假如都沒雕刻/塑形過東西或對3D感很差的...,建議用油土(至少不會乾

過程2  製作模具 
       (上矽膠>中間貼油土壩(油土)>上一面的石膏(左面)>撤除油土壩>交接處塗凡士林>上一面的石膏(右面)


沒拍到上油土壩的那張實在抱歉@@...蠻重要的過程
油土壩的功用就是擋住左面的石膏,左面硬化後,就能撤除油土壩了
交接處塗凡士林是為了分開左右模,也就是上右面石膏不會黏在一起

過程3 成品
       (混合AB樹脂>倒進模具,轉啊轉>轉到凝固平均,依需要的厚度,決定次數)(通常我都是100g x 6 次)
用文字似乎很朦朧,底下有個備註(1)




過程4 組裝
      底下有一些比較簡單的製作過程就省略了

     鋸開(70D,還蠻好鋸的)

     4cm眼睛製作

     LED 3D eye 試做


     牙齒跟舌頭製作


     比對

     上色

     然後就組裝完了...(用環氧樹脂補土,黏住眼睛修飾跟製作嘴唇


     鼻子跟一堆肉球(矽膠),有模具就停不下來了啊~(做太多

     布料


過程5 上布料




這是我第一個頭部作品~

不是很滿意的成品,理論上能做更好...(個性驅使..

特此感謝 丁丁鼠, 模型狂人前輩

最近都是在Plurk上更新
http://www.plurk.com/AF91N



----------------------------------備註--------------------------------------
翻模製作可以參考這個youtube (作者Beetlecat)

----------


## 火狼

af91n好厲害呀（該怎麼稱呼您呢？）
上述的做法跟國外製作獸頭的方法幾乎一模一樣呢
個狼認為這種做法比較接近真實的狼頭
眼睛的led是怎麼插入的？

本狼在想
如果搭配3d列印的話
製作成本和時間應該會下降許多
也應該惠更精細
感謝分享~

----------


## AF91N

我就叫AF91N 

LED我是直接插在半圓矽膠膜上@@(然後倒入透明UP/Epoxy樹脂),不過拔起來就很麻煩XDD

3D列印成本跟時間不會低到哪去,畫3D模型需要技術跟時間,印出來也蠻久的...

----------


## 月光銀牙

好可愛喔~~

作法明確，簡直不敢相信

眼睛看起來好逼真

貼上毛布之後簡直超逼真的

不過眼睛是怎麼做的啊?

----------


## AF91N

不難...要先製作矽膠模具,難度跟製作肥皂模一樣簡單 

黏住(吊住)要翻模的圓形體,倒矽膠下去等待凝固

矽膠凝固後倒入透明樹脂等待樹脂凝固即可,成型就是半圓透明球體了

建議使用油性筆畫出眼睛跟瞳孔,拿E6000萬用膠黏住即可

為此我還跑去買七龍珠=  =... (因為剛好4cm光滑球面,又不少顆XDD)

----------


## 沃斯特

做得好精緻喔，不知道你花了多少時間完成的？

----------


## AF91N

每天約平均2小時,差不多21天吧,約42小時 (2014 12/9 >2015 1/1)
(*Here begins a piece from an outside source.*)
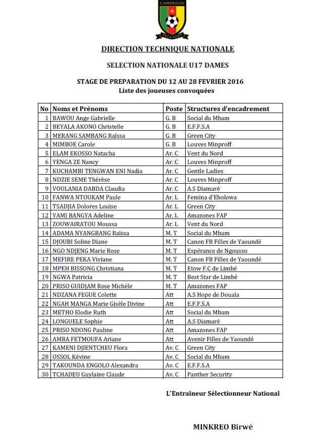 En vue de préparer le deuxième et dernier tour qualificatif à la coupe du monde U17 féminine, « Jordanie 2016 », contre l’Égypte, le sélectionneur national Minkréo Birwe a convoqué 30 joueuses. Soit 21 joueuses déjà présentes lors du précédent stage et neuf nouvelles appelées pour palier les insuffisances observées à certains postes.
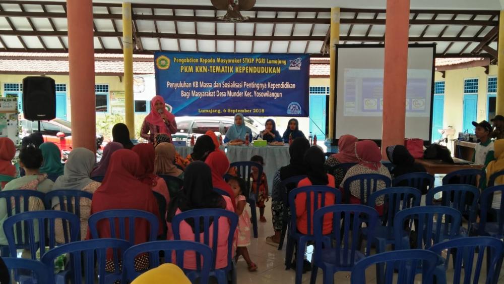 Dalam rangka pengabdian kepada masyarakat dan PKM KKN STKIP PGRI Lumajang di Desa Munder Kecamatan Yosowilangun Kabupaten Lumajang, Mahasiswa STKIP PGRI Lumajang bekerjasama dengan BKKBN menggelar Penyuluhan KB dan Sosialisasi Pentingnya Kependidikan Bagi Masyarakat pada Kamis (6/9/2018).

天數較多是因為進口的毛料延誤(拖了5天左右,卡到聖誕節,大/重物件都會延誤

----------


## 幻星嵐

模具製作感覺就很困難很耗時間...
而且模具應該很容易做不好而失敗吧...
覺得模具貼上那些毛布後整個超大改變!
感覺能做出來就好厲害~
之後有機會也想要自己或者和朋友一起嘗試做看看
感謝AF91N分享這些資訊OwO//

----------


## 拉古·拉龙特

想问这样可以看得到路吗嗷？？感觉似乎没有地方可以看到前面的说……外加led眼珠在大半夜似乎会有点恐怖嗷……

----------


## 帝獵

這個好厲害，感覺要作翻模處理是很大一件工程
而且不會第一次翻就能成功吧?
請問這要留多少當貼毛皮的厚度，還是要依毛的厚度判定
感覺上吻部留好長

----------


## AF91N

>幻星嵐
經驗法則,有教學是一回事,實際上做又是另一回事...,我自己也失敗了好幾次XD"

>拉古·拉龙特 
感覺洞很小,但實際上視野是很ok的XD  (比較貼近臉部的關係
LED當時只是試做XD,實際上是會使用試試看,半夜發光確實挺嚇人的 (手電筒模式(誤XD"

>帝獵
翻模的部分,我失敗了2次左右...,真的要有經驗,才知道要如何拿捏材料特性=  ="
E-2就是完完全全沒考慮到布厚度的作品,所以後來貼毛並剃掉之後感覺還是太寬了一些
所以在E-3就做了修正(也修短了嘴長

----------


## 參

能請問人頭的模型哪裡買嗎,找了很多地方都沒有,不知道哪裡可以買到

----------


## toy109

好厉害，很逼真。个人感觉翻模比较复杂，有难度很佩服，谢谢分享

----------


## 菜鳥

我覺得你做得很好
我很喜歡你的作品，你要好好加油喔！
希望你能作出更棒的作品！ :jcdragon-want:  :jcdragon-want:

----------